Note: It should be understood that in this approach command1 will run on both January 31st and February 1st (2 consecutive days)
Note: It should be understood that in this approach command2 will skip both January 31st and February 1st and will run only 3 days later.
I would like to schedule a cronjob every second day (starting from day X)
Here it gets more interesting. The notes above already demonstrated the problem with months having an odd number of days.
The quick way to think would be to evaluate the day of the year:
% date -d "2018-01-31" '+%j'
031
% date -d "2018-02-01" '+%j'
032
and you could easily investigate if it is an odd or even number. However, When doing this, you have again a problem on December 31st and January 1st in a common year (365 days; leap years have 366 days). This can be resolved when you have a continuous counter from a given day. Enter UNIX time stamp, the total seconds since 1970-01-01 00:00:00 UTC.
% date -d "2018-12-31" '+%s %j'
1546214400 365
% date -d "2019-01-01" '+%s %j'
1546300800 001
% date -d "2019-12-31" '+%s %j'
1577750400 365
% date -d "2020-01-01" '+%s %j'
1577836800 001
For a cronjob to run command4 only every second day at 00:00 and command5 every third day at 00:00 starting from "2018-03-14", the crontab would look like this:
# Example of job definition:
# .---------------- minute (0 - 59)
# | .------------- hour (0 - 23)
# | | .---------- day of month (1 - 31)
# | | | .------- month (1 - 12) OR jan,feb,mar,apr ...

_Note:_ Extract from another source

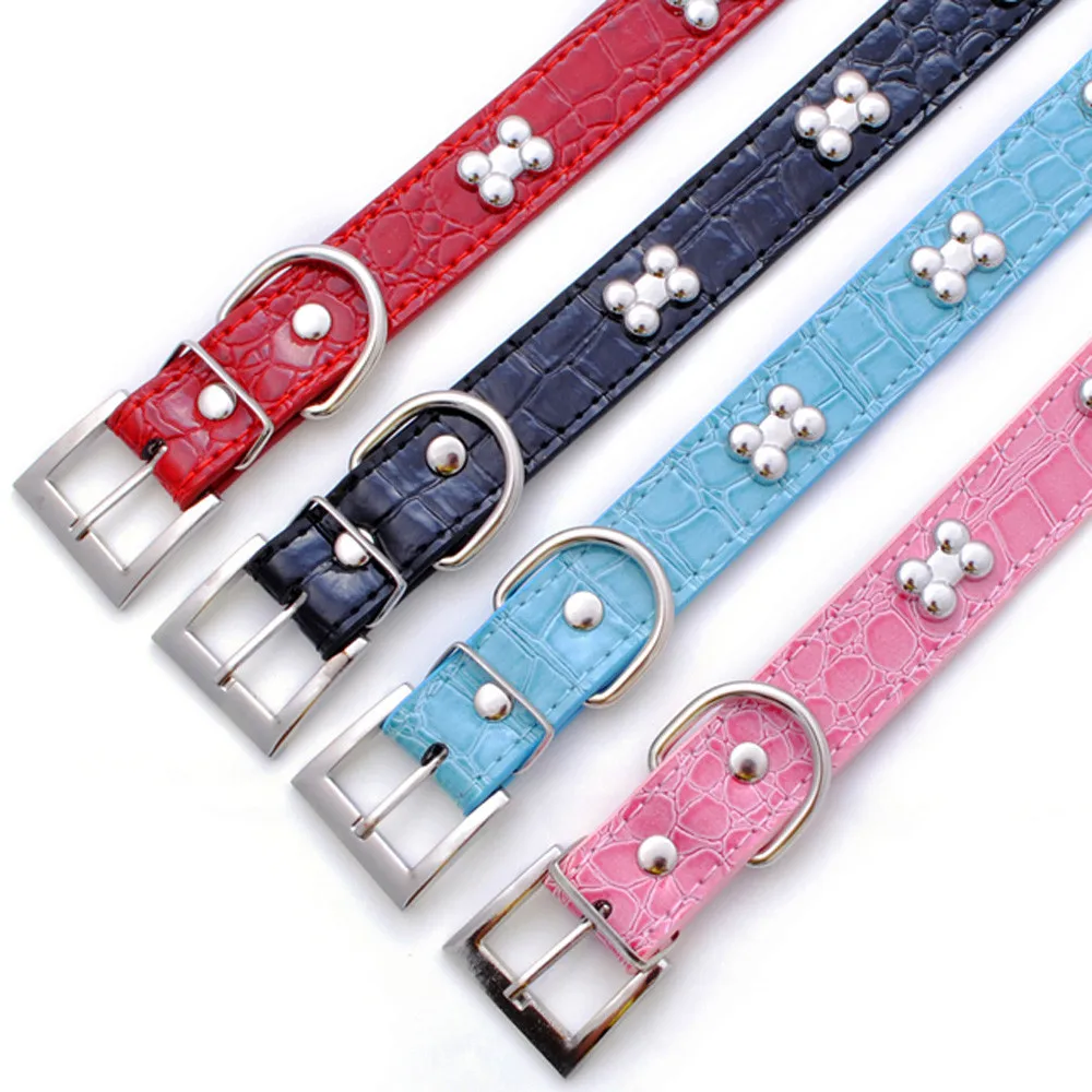 Многоцветная Высококачественная кожаная Изысканная изящная Регулируемая пряжка, металлическая кость, собака, щенок, надежный ошейник # LC

# | | | | .---- day of week (0 - 6) (Sunday=0 or 7)
# | | | | |
# * * * * * command to be executed
0 0 * * * daytestcmd 2 && command4
0 0 * * * daytestcmd 3 20180314 && command5
with daytestcmd defined as
#!/usr/bin/env bash
# get start time in seconds
start=$(date -d "${2:-#0}" '+%s')
# get current time in seconds
now=$(date '+%s')
# get the amount of days (86400 seconds per day)
days=$(( (now-start) /86400 ))
# set the modulo
modulo=$1
# do the test
(( days >= 0 )) && (( days % modulo == 0))
Remark: UNIX time is given in UTC. If your cron runs in a different time-zone which is influenced by daylight saving time, it is advisable not to run the command between 2 and 3 o'clock. This could skip the command or run the command twice (depending if the time jumps forward or backwards)
Remark: UNIX time is not influenced by leap seconds
If you want to use the crontab -e command, try this time pattern:
0 1 */2 * * command_to_execute
Or, you can try SetCronJob for a web based solution. You can easily create cron jobs every 2 days with the second creating row.